Aim of the exercise
Here is a block of entries. Write out its lines exactly, from the first through the one containing "Pull moumoute réversible".

Data section

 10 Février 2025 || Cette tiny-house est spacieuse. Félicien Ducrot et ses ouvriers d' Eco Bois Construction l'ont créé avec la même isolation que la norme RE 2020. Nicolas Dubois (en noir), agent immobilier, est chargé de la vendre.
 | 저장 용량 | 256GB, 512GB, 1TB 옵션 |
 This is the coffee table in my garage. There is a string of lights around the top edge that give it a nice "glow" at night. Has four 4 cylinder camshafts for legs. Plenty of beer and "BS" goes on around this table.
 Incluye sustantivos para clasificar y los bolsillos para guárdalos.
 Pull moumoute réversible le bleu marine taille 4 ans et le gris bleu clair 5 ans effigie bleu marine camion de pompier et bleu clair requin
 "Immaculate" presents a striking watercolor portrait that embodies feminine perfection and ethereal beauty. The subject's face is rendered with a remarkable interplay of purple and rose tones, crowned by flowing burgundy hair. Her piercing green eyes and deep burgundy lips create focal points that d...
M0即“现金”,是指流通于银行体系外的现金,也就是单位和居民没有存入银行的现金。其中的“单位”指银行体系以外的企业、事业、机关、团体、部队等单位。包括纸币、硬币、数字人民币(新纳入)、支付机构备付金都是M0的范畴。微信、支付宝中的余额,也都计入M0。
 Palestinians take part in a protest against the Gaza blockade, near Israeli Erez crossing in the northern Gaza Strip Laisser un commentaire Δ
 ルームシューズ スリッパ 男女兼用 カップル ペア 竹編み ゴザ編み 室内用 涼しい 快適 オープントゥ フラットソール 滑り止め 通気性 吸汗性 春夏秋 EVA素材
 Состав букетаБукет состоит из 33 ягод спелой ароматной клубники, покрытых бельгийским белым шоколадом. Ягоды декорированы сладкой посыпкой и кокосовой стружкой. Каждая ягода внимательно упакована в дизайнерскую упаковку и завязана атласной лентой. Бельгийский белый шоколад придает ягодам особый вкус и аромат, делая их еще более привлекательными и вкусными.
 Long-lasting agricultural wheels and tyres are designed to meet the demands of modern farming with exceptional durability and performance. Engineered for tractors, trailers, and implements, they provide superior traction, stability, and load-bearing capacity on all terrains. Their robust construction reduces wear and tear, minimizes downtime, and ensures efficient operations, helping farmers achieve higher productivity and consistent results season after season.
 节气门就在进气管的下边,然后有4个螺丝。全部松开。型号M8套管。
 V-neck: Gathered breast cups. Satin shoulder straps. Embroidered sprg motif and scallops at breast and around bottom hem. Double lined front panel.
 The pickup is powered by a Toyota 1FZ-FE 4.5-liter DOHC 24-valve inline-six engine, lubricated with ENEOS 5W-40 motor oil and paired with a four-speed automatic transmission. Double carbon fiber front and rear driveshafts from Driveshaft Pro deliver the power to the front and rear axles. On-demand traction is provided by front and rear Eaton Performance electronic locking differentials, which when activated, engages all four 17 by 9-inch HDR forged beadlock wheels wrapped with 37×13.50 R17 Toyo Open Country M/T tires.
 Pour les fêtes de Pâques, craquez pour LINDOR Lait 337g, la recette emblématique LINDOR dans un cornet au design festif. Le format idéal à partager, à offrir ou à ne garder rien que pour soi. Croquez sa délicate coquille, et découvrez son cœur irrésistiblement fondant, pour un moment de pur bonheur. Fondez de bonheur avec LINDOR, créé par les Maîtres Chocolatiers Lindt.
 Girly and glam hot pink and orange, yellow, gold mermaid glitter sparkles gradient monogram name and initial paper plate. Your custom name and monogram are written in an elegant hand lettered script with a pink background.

Exercise output
 10 Février 2025 || Cette tiny-house est spacieuse. Félicien Ducrot et ses ouvriers d' Eco Bois Construction l'ont créé avec la même isolation que la norme RE 2020. Nicolas Dubois (en noir), agent immobilier, est chargé de la vendre.
 | 저장 용량 | 256GB, 512GB, 1TB 옵션 |
 This is the coffee table in my garage. There is a string of lights around the top edge that give it a nice "glow" at night. Has four 4 cylinder camshafts for legs. Plenty of beer and "BS" goes on around this table.
 Incluye sustantivos para clasificar y los bolsillos para guárdalos.
 Pull moumoute réversible le bleu marine taille 4 ans et le gris bleu clair 5 ans effigie bleu marine camion de pompier et bleu clair requin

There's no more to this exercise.